◆ WHAT TO WORK ON
All that is needed is the lines from the one containing "カメラを護る超厚設計。衝撃を" through the end of the listing, printed exactly, with no pictures among them.

◆ EXTRACTED ENTRIES
- - - - - - -

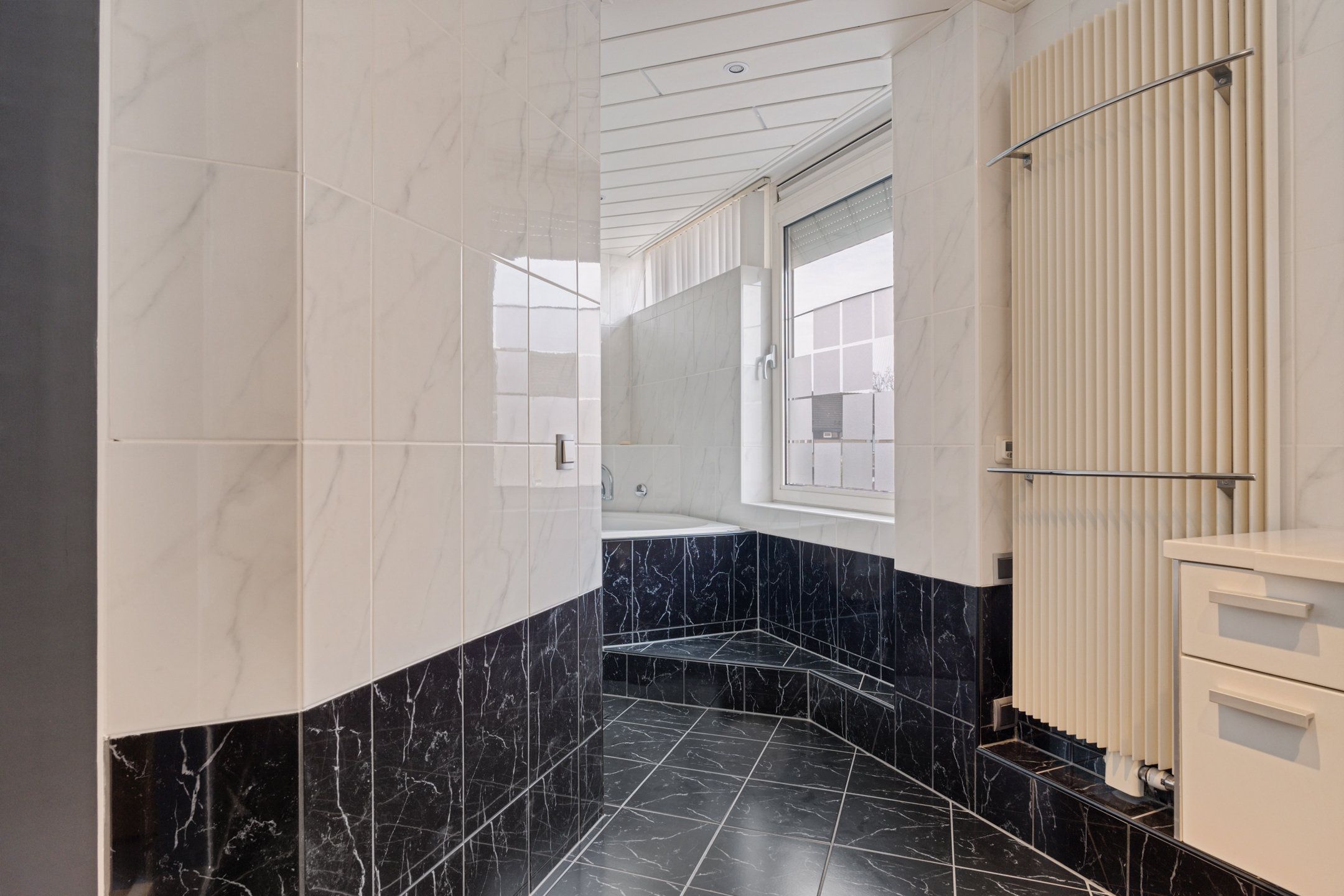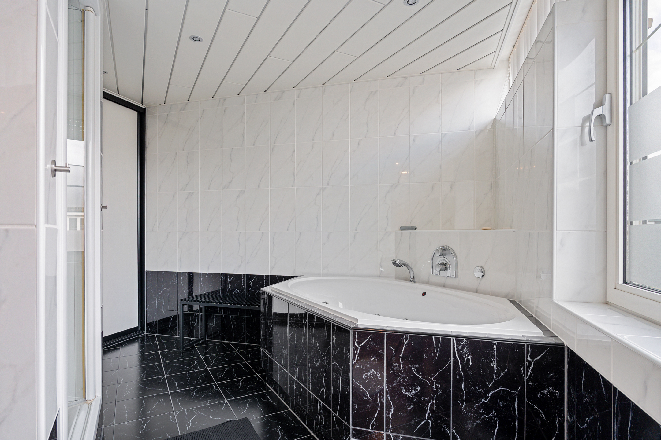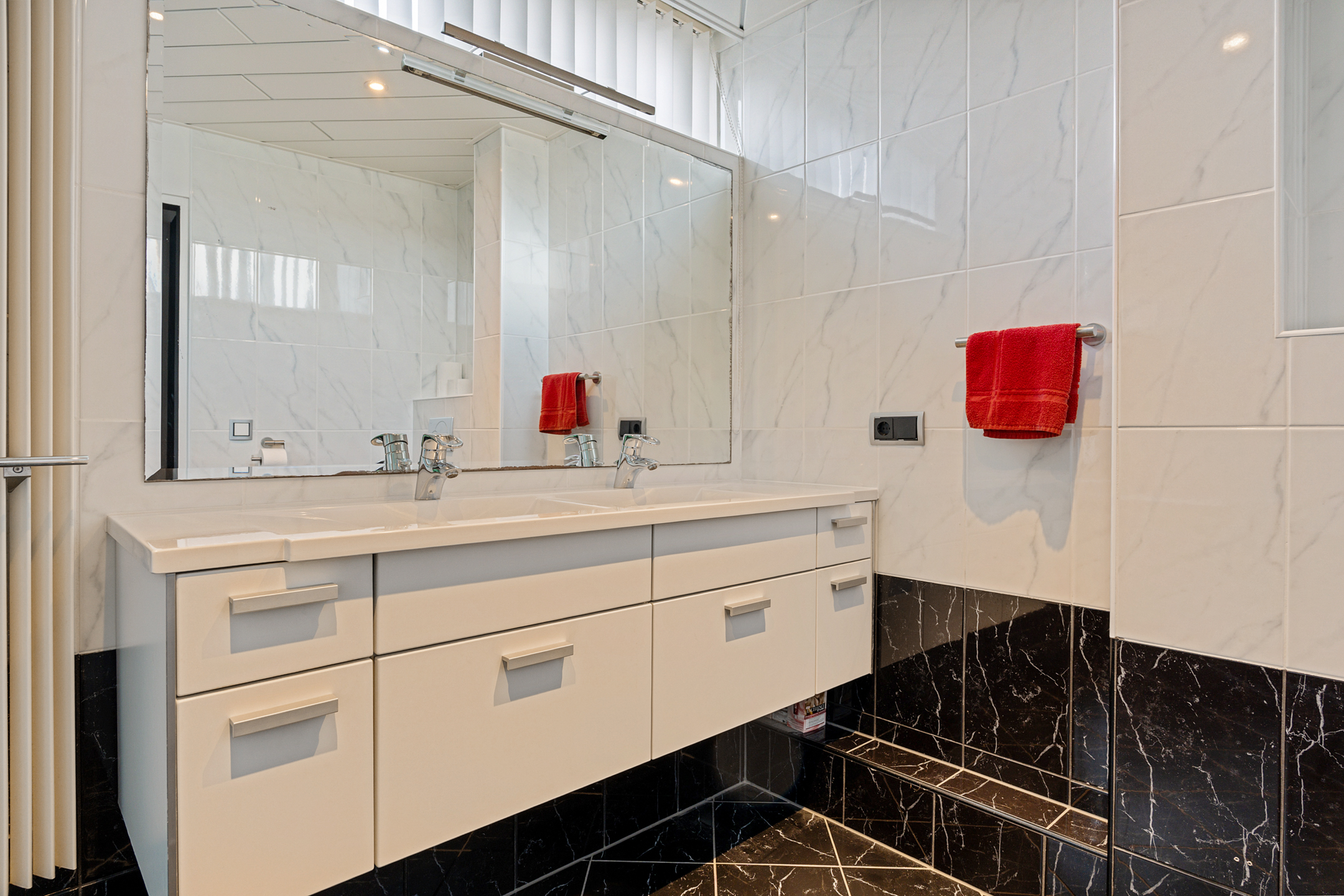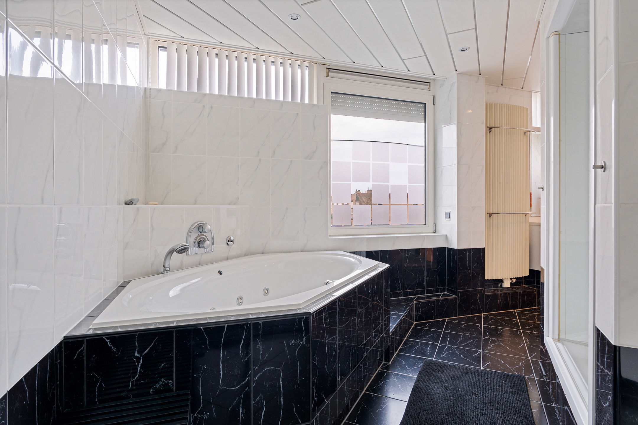 Op de eerste verdieping bevinden zich aan de voorzijde twee ruime slaapkamers. De slaapkamers zijn tevens allemaal voorzien van raamhorren. Aan de achterzijde ligt de badkamer. De royale badkamer (ca. 13 m²) is voorzien van een ligbad met whirlpool functie, dubbele wastafel, royale inbouwkast, multi spray douchecabine en een tweede toilet.
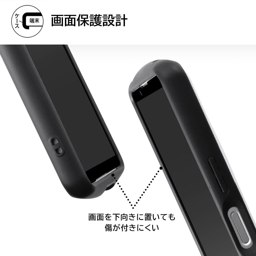 カメラを護る超厚設計。衝撃をやわらげるTPU×鉛筆硬度3Hで傷に強いポリカーボネイト。ケース上部と下部は衝撃をやわらげるエアクッション構造。ケース内側は衝撃から端末を護るハニカム構造。画面を下向きに置いても傷が付きにくい。
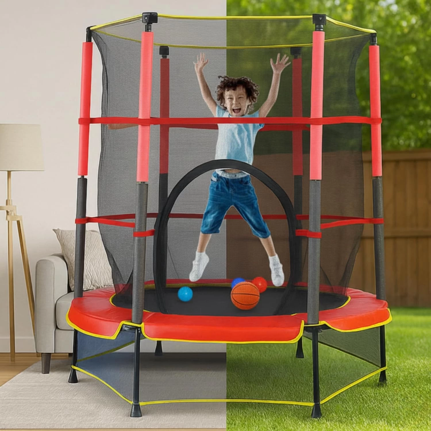Strong and sturdy trampoline with a safety net that ensures secure and worry-free play. Provides great fun while helping kids stay active and improve balance and coordination. Perfect for both indoor and outdoor use, offering endless energy-filled entertainment.
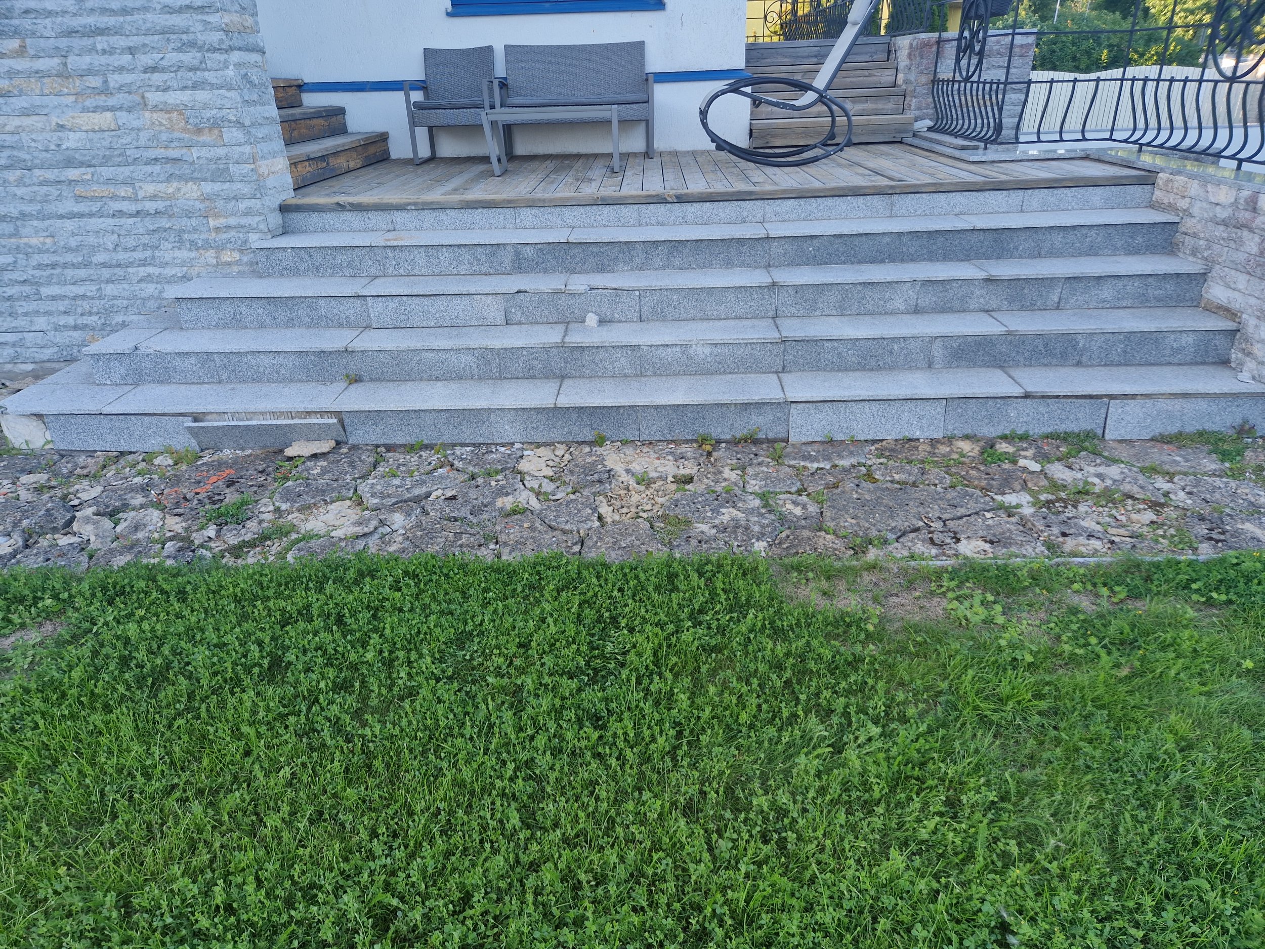 Soovin trepi renoveerimist. 10 aastat tagasi paigaldatud marmorplaadid on kõik lahti. Paaril plaadil nurgad katki kuid on olemas varud mida saab kergelt mõõtu lõigata. Trepi alune on äärmiselt tugev betoon. Probleem on olnud viletsates materjalides mis on lasknud vett läbi ja külmaga siis paisudes plaadid lahti lükanud. Kui töö saab hästi tehtud tuleb pakkumisi veel.
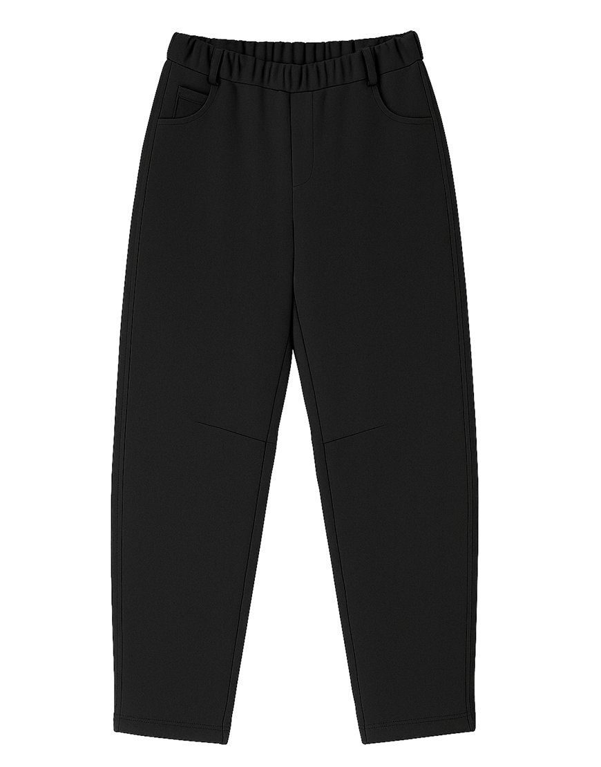 Доставка впродовж 5-12 робочих днівКомфортні штани середньої посадки з м’якого трикотажу. Завдяки еластичному поясу з резинкою та шльовкам під пояс вони забезпечують зручну посадку та універсальність у стилізації. Мають бокові кишені, зручні регульовані фіксатори з резиною внизу та декоративні шви на колінах, що створюють особливу посадку.
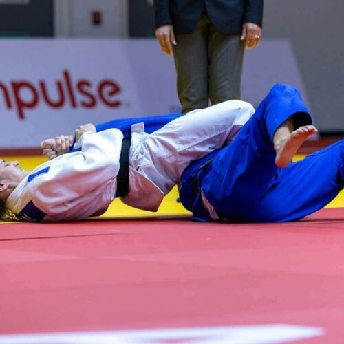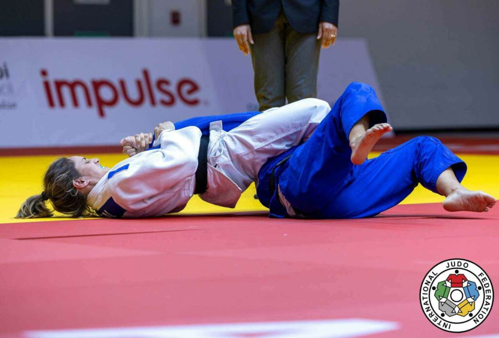 Maëlle est face à une Italienne. Elle est très déterminée, concentrée et appliquée. Lors d’un passage au sol, Maëlle arrive à déplier le bras de son adversaire, l’Italienne résiste fort, Maëlle se repositionne rapidement et parfaitement pour ponter et mettre une tension maximale dans le bras de son adversaire. L’Italienne tape, elle abandonne.. c’est la délivrance !
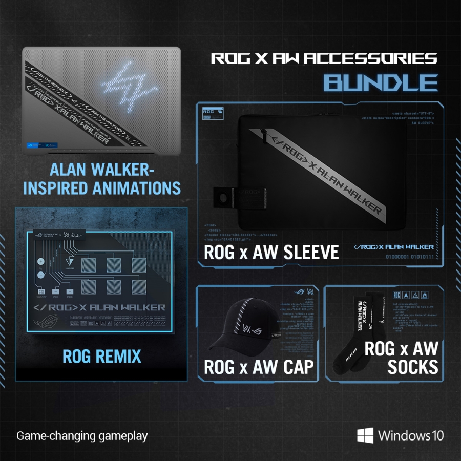 今次這台 ASUS ROG × ALAN WALKER「ZEPHYRUS G14 AW SE」在本地的定價為 MYR 7999,而付這價格不僅是獲得一台聯名筆電,您也可以獲得一台「ROG REMIX」混音器,一頂 ASUS ROG × ALAN WALKER 聯名帽子,一雙聯名長襪,以及一個電腦包。
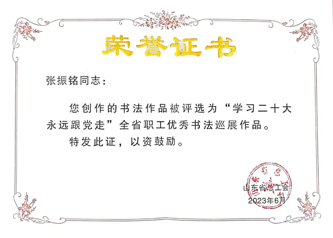 奥翔公司员工张振铭书法作品被评为全省职工优秀书法巡展作品
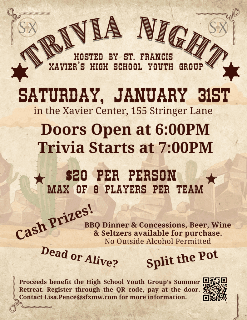 Join us for Trivia Night at SFX in the Xavier Center on January 31st, 2026 at 6PM. $20 per person, limit of 8 players per table/team. All proceeds benefit the High-School Youth Group. Reserve your spot HERE, Pay at the door. Contact Lisa Pence (lisa.pence@sfxmw.com) for more information.

- - - - - - -

◆ TASK ANSWER
 カメラを護る超厚設計。衝撃をやわらげるTPU×鉛筆硬度3Hで傷に強いポリカーボネイト。ケース上部と下部は衝撃をやわらげるエアクッション構造。ケース内側は衝撃から端末を護るハニカム構造。画面を下向きに置いても傷が付きにくい。
Strong and sturdy trampoline with a safety net that ensures secure and worry-free play. Provides great fun while helping kids stay active and improve balance and coordination. Perfect for both indoor and outdoor use, offering endless energy-filled entertainment.
 Soovin trepi renoveerimist. 10 aastat tagasi paigaldatud marmorplaadid on kõik lahti. Paaril plaadil nurgad katki kuid on olemas varud mida saab kergelt mõõtu lõigata. Trepi alune on äärmiselt tugev betoon. Probleem on olnud viletsates materjalides mis on lasknud vett läbi ja külmaga siis paisudes plaadid lahti lükanud. Kui töö saab hästi tehtud tuleb pakkumisi veel.
 Доставка впродовж 5-12 робочих днівКомфортні штани середньої посадки з м’якого трикотажу. Завдяки еластичному поясу з резинкою та шльовкам під пояс вони забезпечують зручну посадку та універсальність у стилізації. Мають бокові кишені, зручні регульовані фіксатори з резиною внизу та декоративні шви на колінах, що створюють особливу посадку.
 Maëlle est face à une Italienne. Elle est très déterminée, concentrée et appliquée. Lors d’un passage au sol, Maëlle arrive à déplier le bras de son adversaire, l’Italienne résiste fort, Maëlle se repositionne rapidement et parfaitement pour ponter et mettre une tension maximale dans le bras de son adversaire. L’Italienne tape, elle abandonne.. c’est la délivrance !
 今次這台 ASUS ROG × ALAN WALKER「ZEPHYRUS G14 AW SE」在本地的定價為 MYR 7999,而付這價格不僅是獲得一台聯名筆電,您也可以獲得一台「ROG REMIX」混音器,一頂 ASUS ROG × ALAN WALKER 聯名帽子,一雙聯名長襪,以及一個電腦包。
 奥翔公司员工张振铭书法作品被评为全省职工优秀书法巡展作品
 Join us for Trivia Night at SFX in the Xavier Center on January 31st, 2026 at 6PM. $20 per person, limit of 8 players per table/team. All proceeds benefit the High-School Youth Group. Reserve your spot HERE, Pay at the door. Contact Lisa Pence (lisa.pence@sfxmw.com) for more information.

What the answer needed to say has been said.